Extracted data:
== Segment start ==
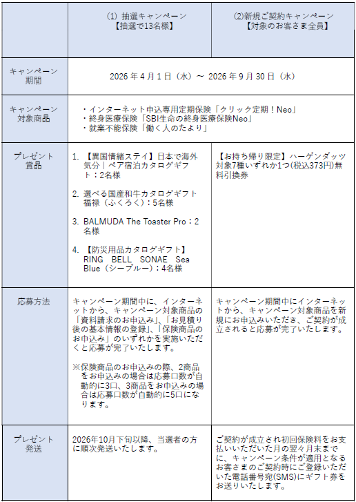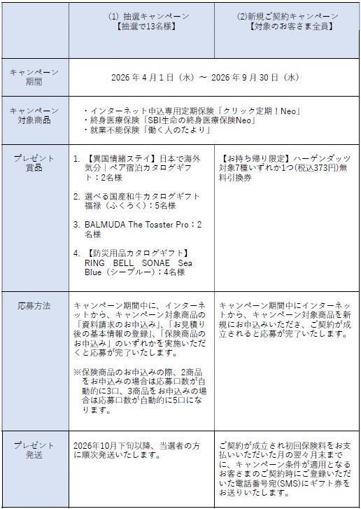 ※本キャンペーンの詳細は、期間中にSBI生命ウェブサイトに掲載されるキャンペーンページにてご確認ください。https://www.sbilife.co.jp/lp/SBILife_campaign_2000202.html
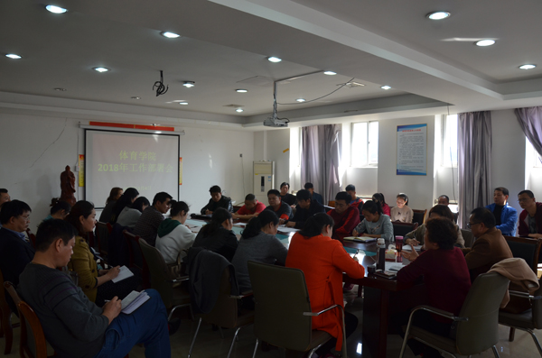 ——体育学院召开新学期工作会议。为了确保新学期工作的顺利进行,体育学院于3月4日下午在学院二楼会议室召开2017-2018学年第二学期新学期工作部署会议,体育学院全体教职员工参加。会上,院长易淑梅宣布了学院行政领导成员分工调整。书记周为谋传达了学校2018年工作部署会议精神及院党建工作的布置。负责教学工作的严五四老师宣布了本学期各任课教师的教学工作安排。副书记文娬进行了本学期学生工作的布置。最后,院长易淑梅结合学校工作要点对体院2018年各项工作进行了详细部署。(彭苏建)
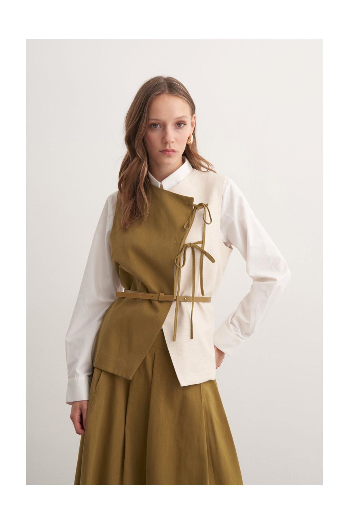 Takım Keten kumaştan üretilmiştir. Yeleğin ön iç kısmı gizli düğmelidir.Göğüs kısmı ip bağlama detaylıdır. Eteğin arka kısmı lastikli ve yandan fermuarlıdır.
== Segment end ==
== Segment start ==
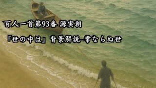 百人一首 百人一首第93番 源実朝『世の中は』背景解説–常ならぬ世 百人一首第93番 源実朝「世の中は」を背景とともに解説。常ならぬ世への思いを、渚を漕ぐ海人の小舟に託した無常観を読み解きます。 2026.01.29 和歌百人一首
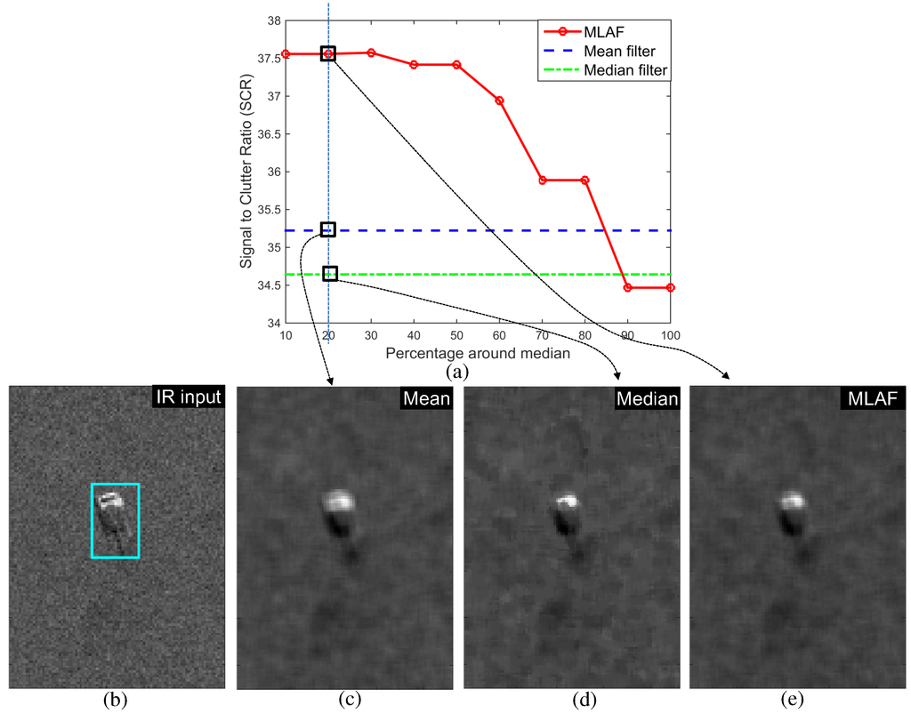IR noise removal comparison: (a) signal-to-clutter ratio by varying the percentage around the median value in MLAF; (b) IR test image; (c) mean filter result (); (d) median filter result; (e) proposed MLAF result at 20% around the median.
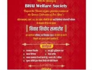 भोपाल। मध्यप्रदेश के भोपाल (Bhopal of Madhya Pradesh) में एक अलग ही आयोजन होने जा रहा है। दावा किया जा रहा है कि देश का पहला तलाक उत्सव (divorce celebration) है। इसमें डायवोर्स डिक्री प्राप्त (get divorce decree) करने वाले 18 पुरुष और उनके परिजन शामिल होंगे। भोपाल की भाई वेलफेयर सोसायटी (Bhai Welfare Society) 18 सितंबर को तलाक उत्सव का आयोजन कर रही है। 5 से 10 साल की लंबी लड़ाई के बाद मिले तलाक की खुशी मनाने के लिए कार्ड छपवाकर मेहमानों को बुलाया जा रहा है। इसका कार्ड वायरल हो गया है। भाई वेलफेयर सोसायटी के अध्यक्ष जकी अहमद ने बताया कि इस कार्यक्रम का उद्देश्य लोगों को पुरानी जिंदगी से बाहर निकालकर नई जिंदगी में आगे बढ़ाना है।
== Segment end ==
== Segment start ==
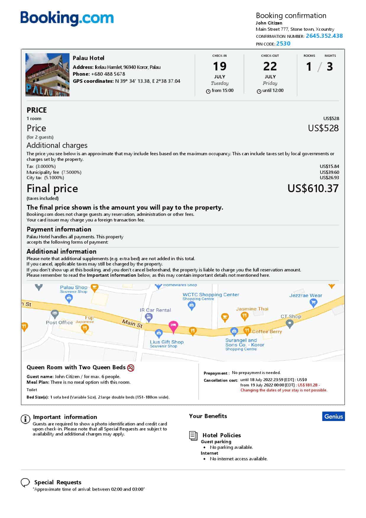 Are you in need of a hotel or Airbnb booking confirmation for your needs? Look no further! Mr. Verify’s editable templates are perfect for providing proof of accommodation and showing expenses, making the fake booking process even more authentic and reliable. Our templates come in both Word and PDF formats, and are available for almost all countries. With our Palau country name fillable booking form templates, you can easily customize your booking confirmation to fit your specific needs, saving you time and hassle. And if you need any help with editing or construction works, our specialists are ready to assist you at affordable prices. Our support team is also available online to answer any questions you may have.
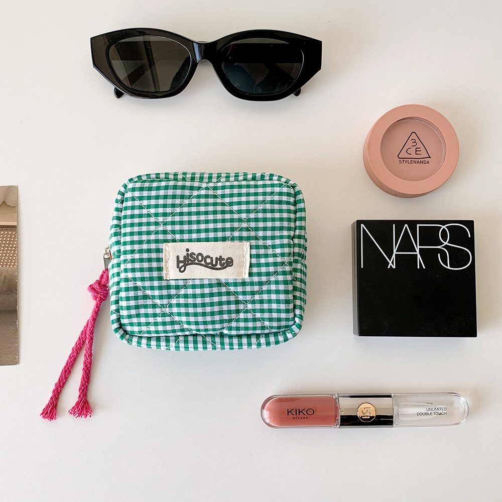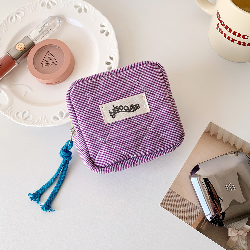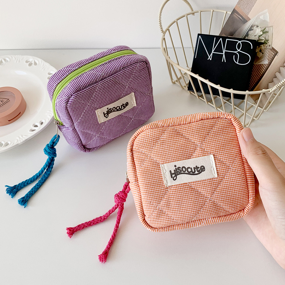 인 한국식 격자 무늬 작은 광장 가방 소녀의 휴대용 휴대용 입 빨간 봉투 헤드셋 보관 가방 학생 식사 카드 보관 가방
== Segment end ==
Exactly the lines above, from the one containing "百人一首 百人一首第93番 源実朝『世の中は』背景解説–常ならぬ世" down to the one containing "IR noise removal", are to be repeated, including both ends. Pictures are not part of the copy.

Reply to the task:
 百人一首 百人一首第93番 源実朝『世の中は』背景解説–常ならぬ世 百人一首第93番 源実朝「世の中は」を背景とともに解説。常ならぬ世への思いを、渚を漕ぐ海人の小舟に託した無常観を読み解きます。 2026.01.29 和歌百人一首
IR noise removal comparison: (a) signal-to-clutter ratio by varying the percentage around the median value in MLAF; (b) IR test image; (c) mean filter result (); (d) median filter result; (e) proposed MLAF result at 20% around the median.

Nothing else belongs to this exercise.